Chromosome assignment of genes encoding the? and? subunits of glycoprotein hormones in man and mouse

Abstract

The chromosomal locations of the genes for the common α subunit of the glycoprotein hormones and the Β subunit of chorionic gonadotropin in humans and mice have been determined by restriction enzyme analysis of DNA isolated from somatic cell hybrids. The CGα gene (CGA), detected as a 15-kb BamHI fragment in human DNA by hybridization to CGα cDNA, segregated with the chromosome 6 enzyme markers ME1 (malic enzyme, soluble) and SOD2 (superoxide dismutase, mitchondrial) and an intact chromosome 6 in human-rodent hybrids. Cell hybrids containing portions of chromosome 6 allowed the localization of CGA to the q12 → q21 region. The >30- and 6.5-kb BamHI CGB fragments hybridizing to human CGΒ cDNA segregated concordantly with the human chromosome 19 marker enzymes PEPD (peptidase D) and GPI (glucose phosphate isomerase) and a normal chromosome 19 in karyotyped hybrids.
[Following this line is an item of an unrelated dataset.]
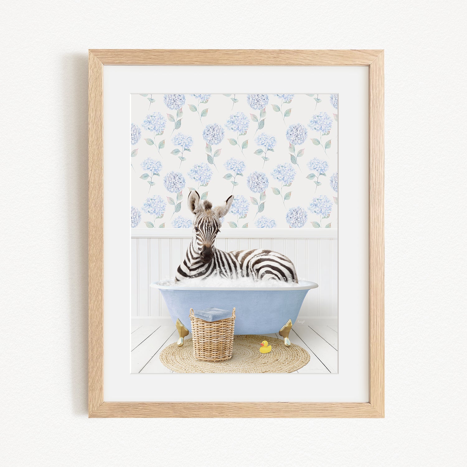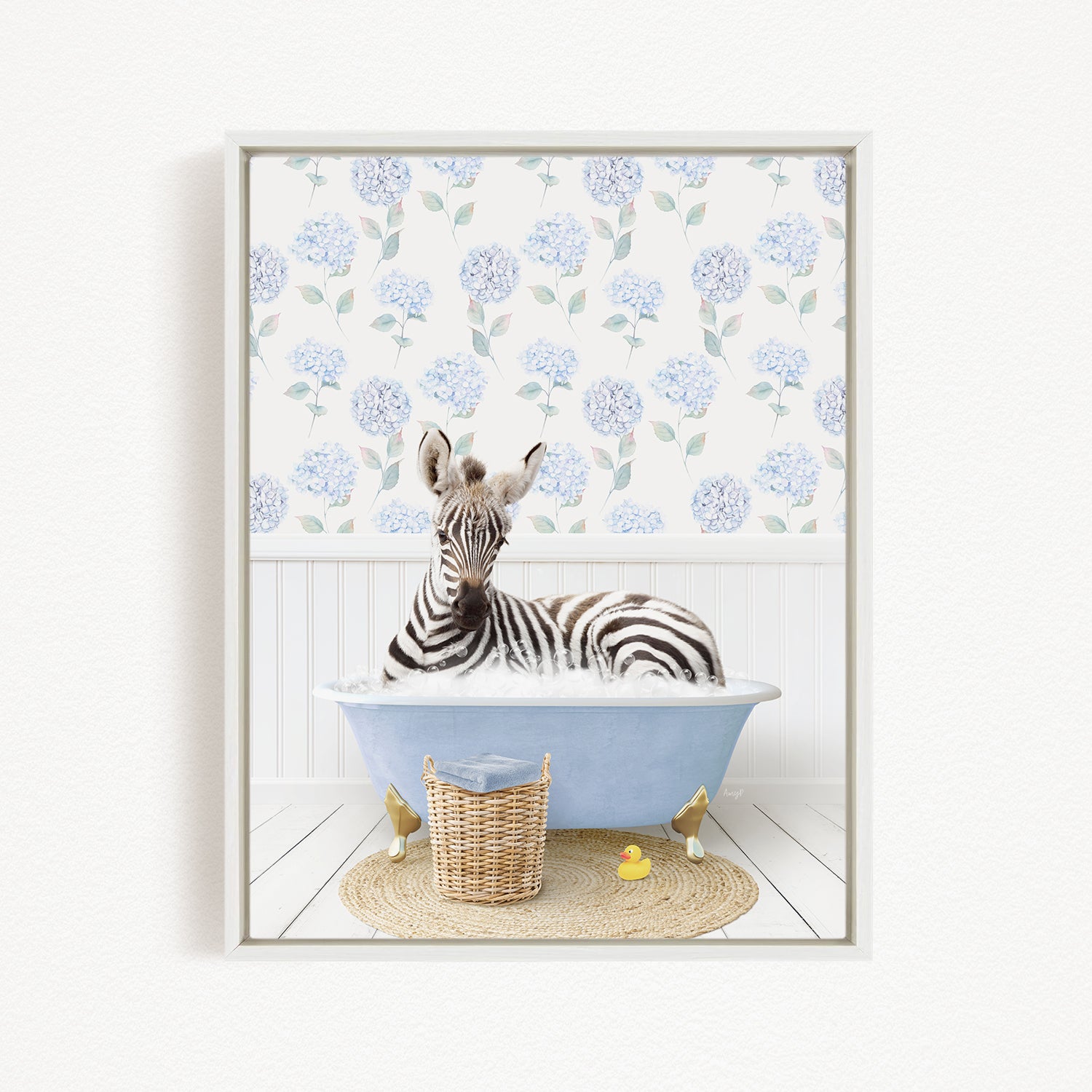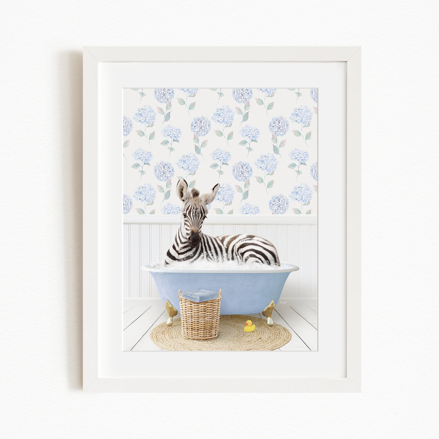 A zebra is sitting in a blue bathtub filled with water, surrounded by a wicker basket and a rubber duck.
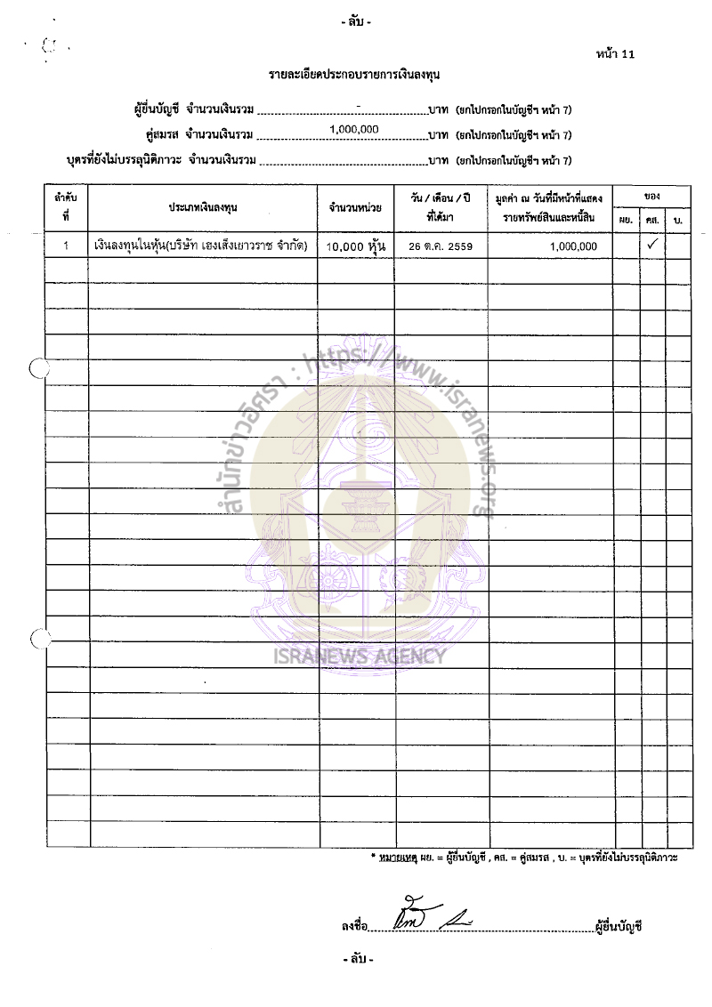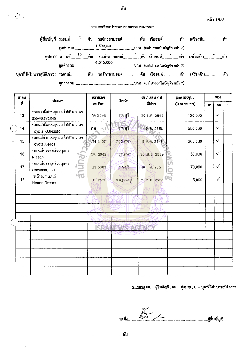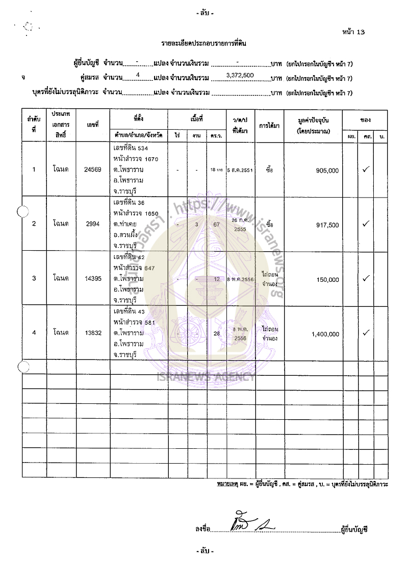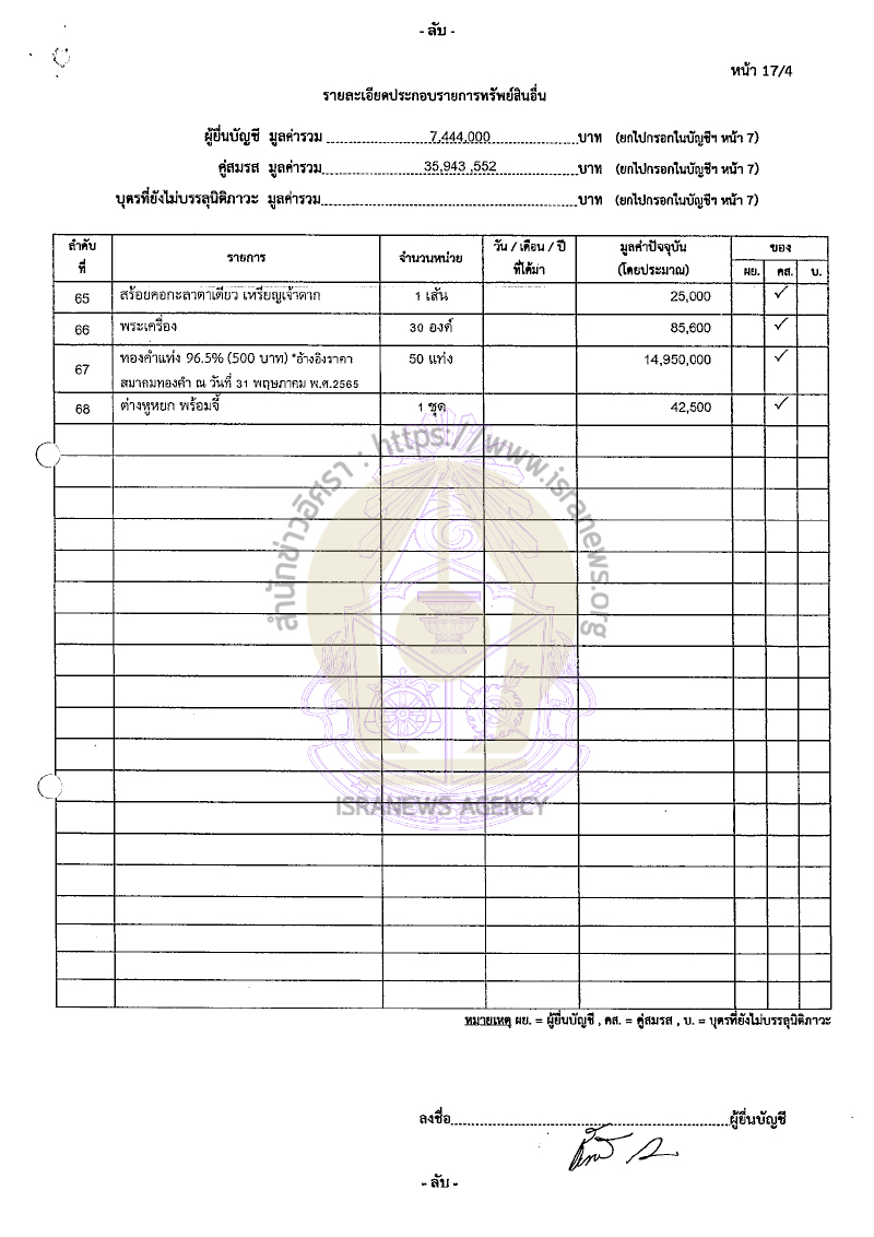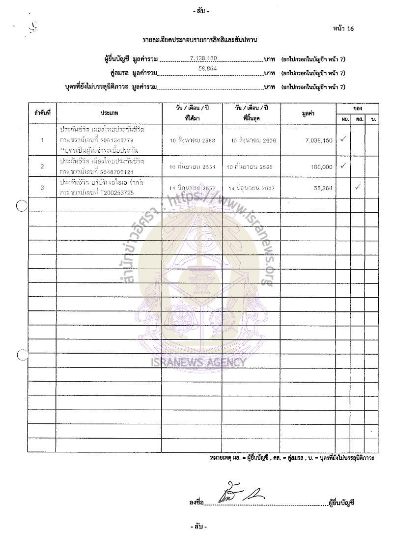 แจ้งมีรายจ่าย 1,305,450 บาท จากค่าอุปโภค บริโภค 250,000 บาท ค่าเบี้ยประกัน 1,005,450 บาท เงินบริจาค การกุศล 50,000 บาท

A KpnI-HindIII digest of cell hybrid DNAs indicated that the multiple copies of the CGΒ gene are all located on human chromosome 19. In the mouse, the α subunit gene, detected by a mouse thyrotropin (TSH) α subunit probe, and the CGΒ-like sequences (CGΒ-LHΒ), detected by the human CGΒ cDNA probe, are on chromosomes 4 and 7, respectively.